• Work order: With the pictures omitted, set down exactly the lines from the one that contains "2022-08-25 13:41:00 |" through the last line of the data.

• Data:
::::::::
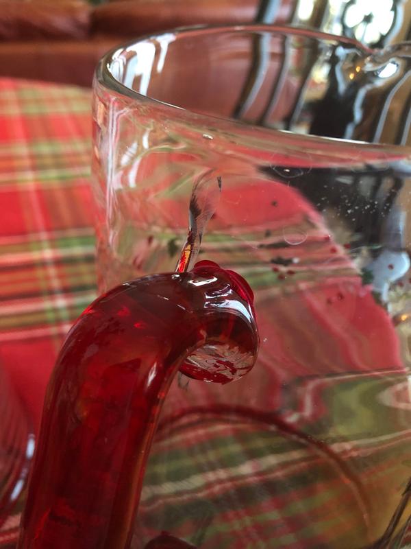 I am very pleased with the construction and the appearance of the pitcher. It matches my New Pfaltzgraff Christmas winterberry glasses perfectly. I am very pleased.
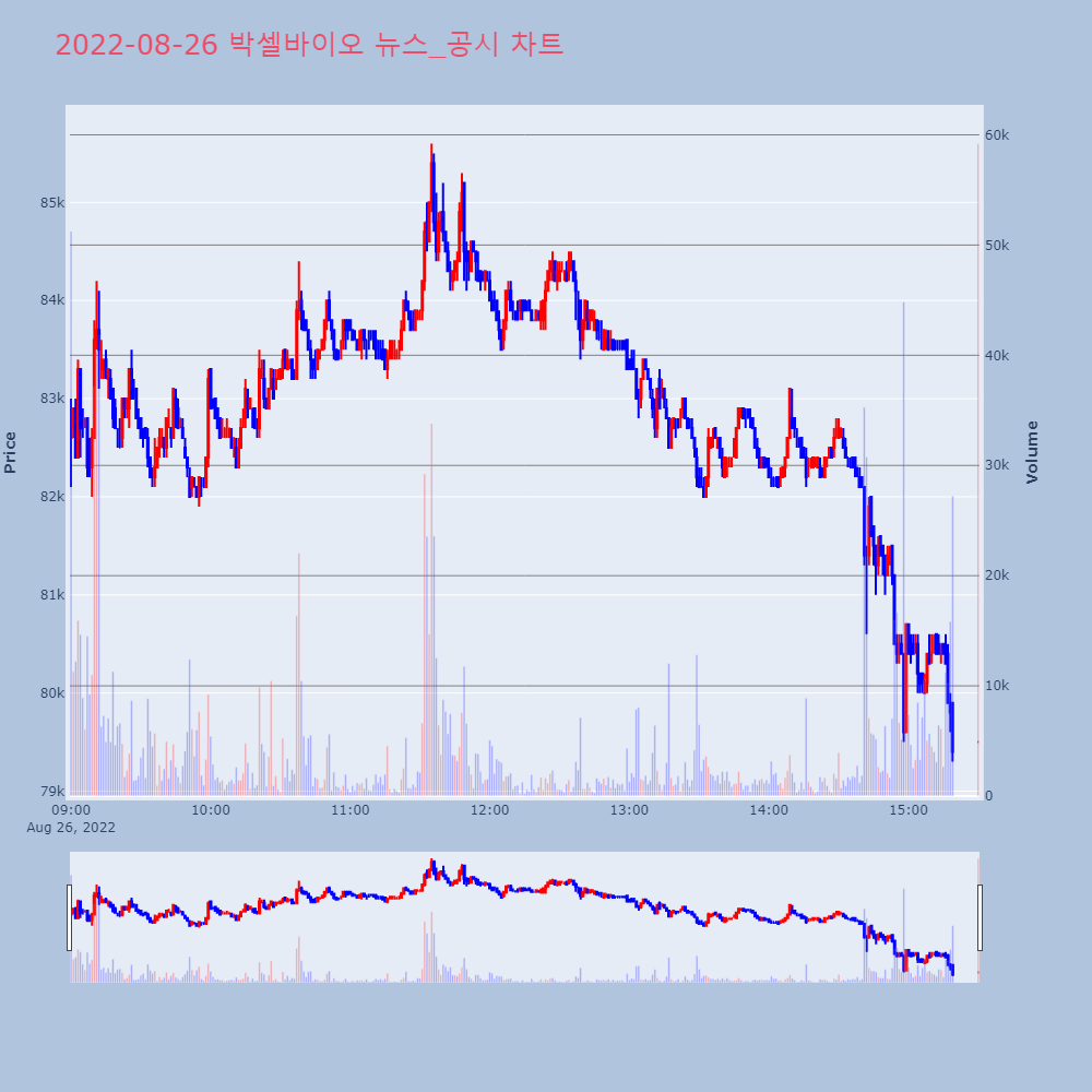 | 13 | [특징주] 박셀바이오, 혈액암 치료제 임상 중단 소식에 약세 제목 : [특징주] 박셀바이오, 혈액암 치료제 임상 중 | 인포스탁 | 박셀바이오 | 2022-08-25 13:41:00 |
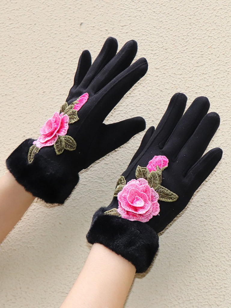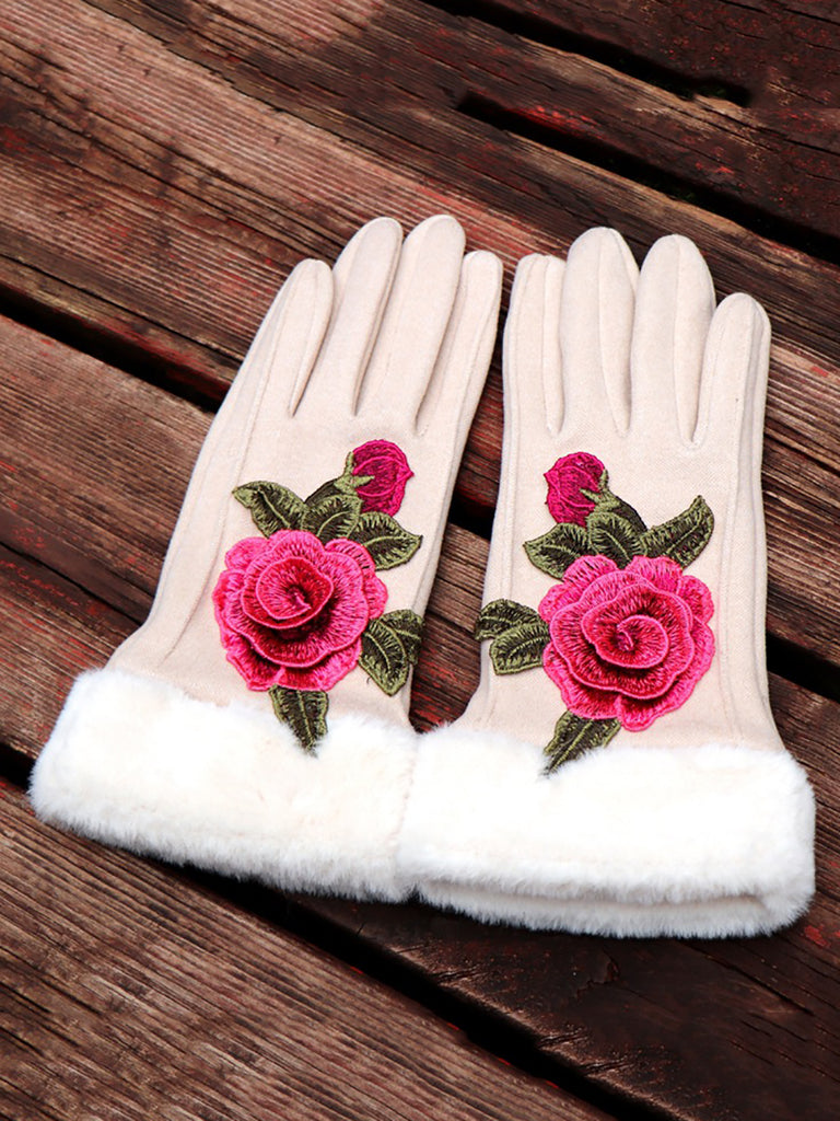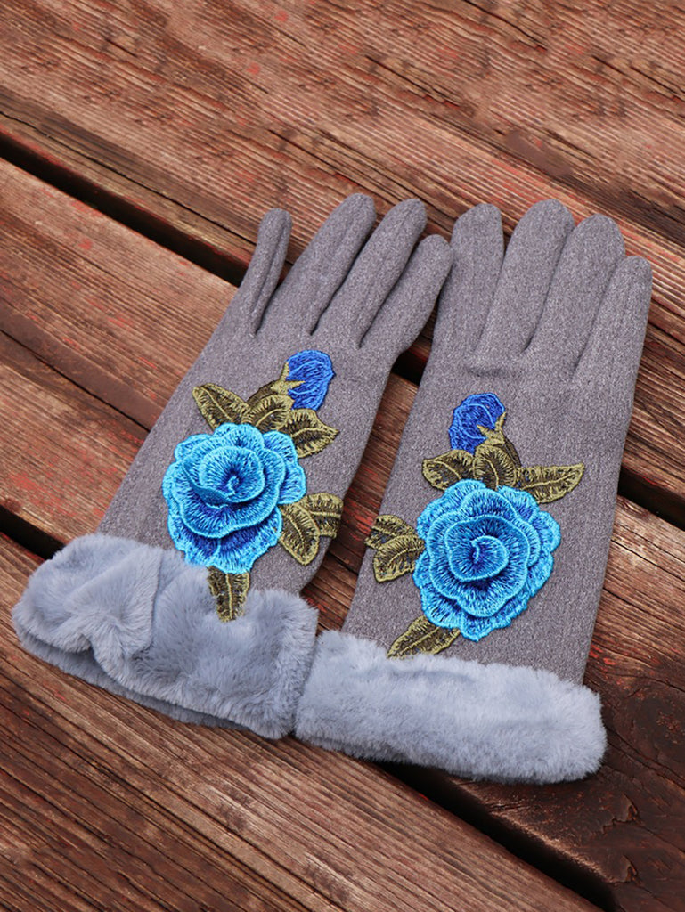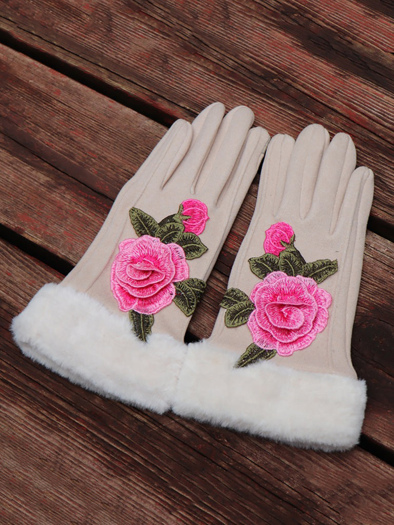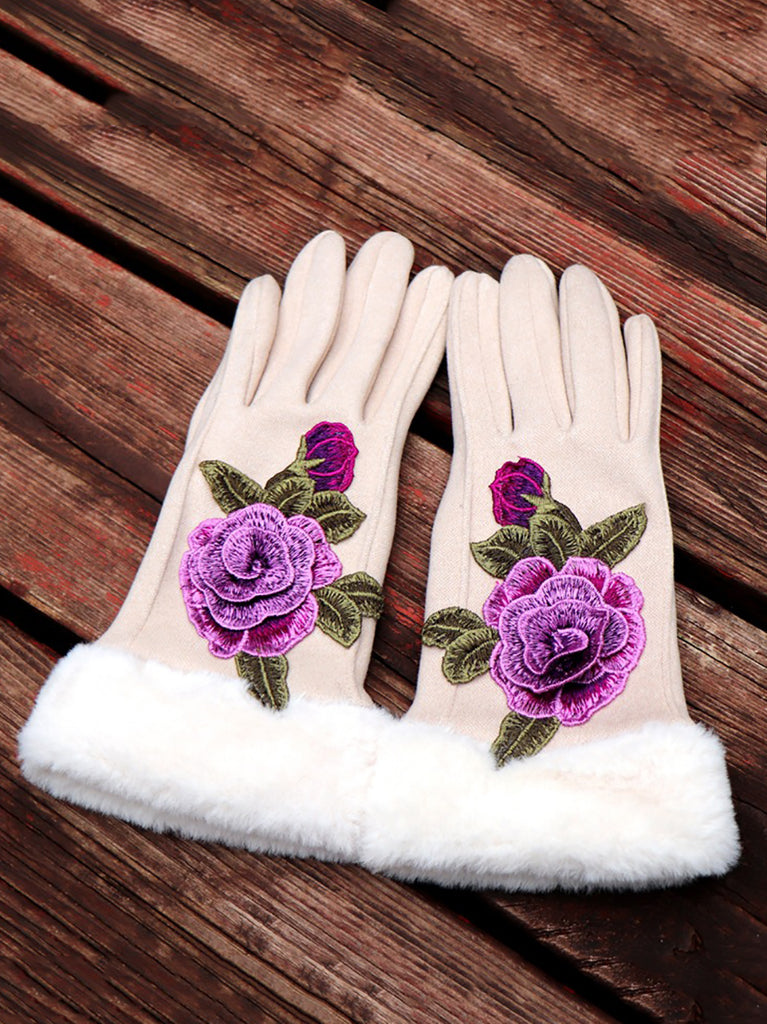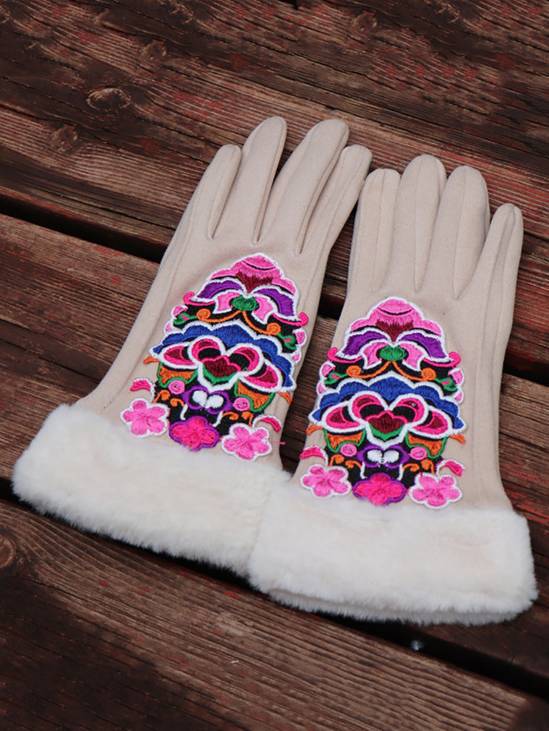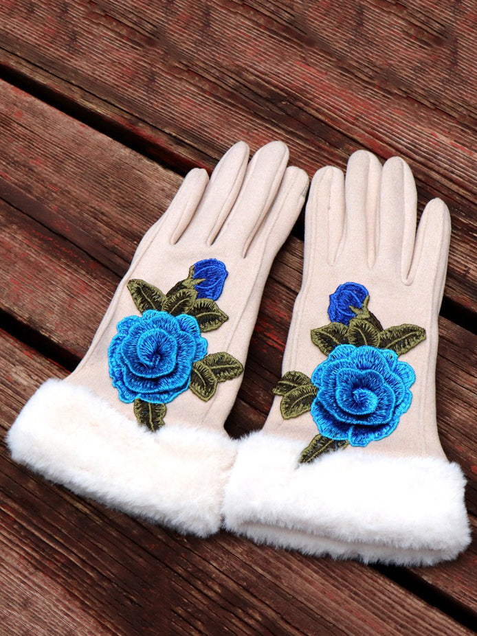 Women Artsy Winter Embroidery Fleece-lined Gloves
::::::::
• Answer for the task:
 | 13 | [특징주] 박셀바이오, 혈액암 치료제 임상 중단 소식에 약세 제목 : [특징주] 박셀바이오, 혈액암 치료제 임상 중 | 인포스탁 | 박셀바이오 | 2022-08-25 13:41:00 |
 Women Artsy Winter Embroidery Fleece-lined Gloves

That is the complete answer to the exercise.